** Instructions for the task **
No pictures belong in the copy. Set down exactly the lines from the one that contains "NWT Coach new" through the end of the data.

** Collected material **

————

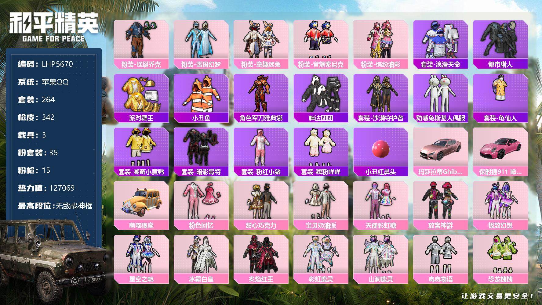 [12942573]素材身法号/无敌战神框1/绝世印记1 苹果 手Q-无敌战神框-36粉装-15特效枪-3载具-14粉色飞行器-12.7w热力值-18王牌印记-264套装-342枪皮【热门品类】:粉装-怪诞乔克,粉装-雪国幻梦,粉装-童趣迷兔,粉装-音爆索尼克,粉装-缤纷油彩,套装-浪漫天命,套装-都市猎人,套装-派对舞王,套装-小丑鱼,角色-军刀雅典娜,套装-胖达团团,套装-沙漠守护者,套装-动感兔斯基人偶服,套装-龟仙人,套装-潮萌小黄鸭,套装-暗影哥特,套装-粉红小猪,套装-糯粉咩咩,小丑红鼻头【粉色载具】:玛莎拉蒂Ghibli(粉),保时捷911 敞篷版(星珀红),萌喵橘座【粉色套装】:粉装-粉色回忆,粉装-怪诞乔克,粉装-甜心巧克力,粉装-宝贝奶油派,粉装-天使彩虹糖,粉装-雪国幻梦,粉装-缤纷油彩,粉装-放客神游,粉装-极致幻想,粉装-星空之魅,粉装-冰霜白皇,粉装-童趣迷兔,粉装-炙焰红王,粉装-彩虹鹿灵,粉装-山涧鹿灵,粉装-岚岚物语,粉装-恐龙拽拽,粉装-绚丽摇曳,粉装-筑梦精灵,粉装-甜梦小狐,粉装-暖熊萌萌,粉装-傲雪凌霜,粉装-垂柳戏鸭,粉装-彩虹甜喵,粉装-甜蜜草莓,粉装-冰川幽秘,粉装-霞光圣骑,粉装-寒光使者,粉装-音爆索尼克,粉装-未来歌姬,粉装-莲影清波,角色-烟云彩露,粉装-未来领航者,粉装-雪月幻音,粉装-星穹咏叹调,角色-绯穹魔姬【粉色枪皮等级】:AKM-梦之光华(五级),M16A4-垂柳戏鸭(五级),SCAR-L-青春物语(七级),SCAR-L-锦绣绵绵(五级),M416-心之恋语(七级),M416-灵猫魔法师(三级),AUG-暖羊咩咩(五级),ARX-无垠阁(五级),汤姆逊-热量炸弹(五级),Kar98K-巳巳如意(五级),AWM-橘柚倾心(五级),AMR-炫光之旅(六级),DP-28-千金淑猫(四级),DP-28-豹影疾电(五级),烟雾弹-丁香清露(五级)【粉色飞行器】:梦之光华飞行器,齐天大圣飞行器,甜梦小狐飞行器,星夜魔法师飞行翼,暖熊萌萌飞行器,镜光幻境飞行翼,沙丘之主天马,镜域双华-灵镜之阶,凤舞九天飞行器,双重狂想飞行器,灵猫魔法师飞行器
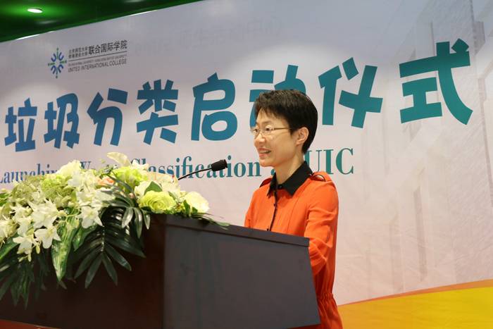在启动仪式上,珠海高新区建设环保局副局长沈洋在致辞中表示,UIC是高新区首个为响应垃圾分类号召而举办启动仪式的大学。她对校园内垃圾分类推进工作提出了四点倡议:将垃圾分类工作作为重点,落实责任;利用社团、竞赛等活动广泛宣传,营造氛围;借鉴、创新,发展出适合UIC的模式;发挥学生志愿者的作用,使垃圾分类任务长久且准确地执行。
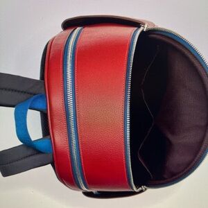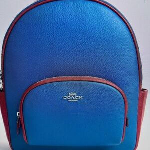 NWT Coach new tags court backpack and color block length is 10.75 inches height is 12.5 with is 4.75 refine pebble leather fabric linen handle with 2 1/4 inch drop adjustable strap outside zip pocket inside zip pocket inside inside multifunction pocket double zip enclosure retails $450 price is firm
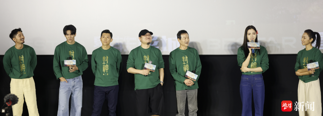 15日下午,春节档电影《封神第二部:战火西岐》来南京,导演乌尔善携“殷商阵营”演员那尔那茜、陈牧驰、娜然、吴兴国、夏雨、刘潮与观众见面。现场反响热烈,还有热情观众给娜然与那尔那茜送上了牡丹纹样的南京绒花发簪,并表示,在南京有一个传统叫做“戴绒花,享荣华”,观众把美好的祝福送给了主创团队。

————

** Exercise answer **
 NWT Coach new tags court backpack and color block length is 10.75 inches height is 12.5 with is 4.75 refine pebble leather fabric linen handle with 2 1/4 inch drop adjustable strap outside zip pocket inside zip pocket inside inside multifunction pocket double zip enclosure retails $450 price is firm
 15日下午,春节档电影《封神第二部:战火西岐》来南京,导演乌尔善携“殷商阵营”演员那尔那茜、陈牧驰、娜然、吴兴国、夏雨、刘潮与观众见面。现场反响热烈,还有热情观众给娜然与那尔那茜送上了牡丹纹样的南京绒花发簪,并表示,在南京有一个传统叫做“戴绒花,享荣华”,观众把美好的祝福送给了主创团队。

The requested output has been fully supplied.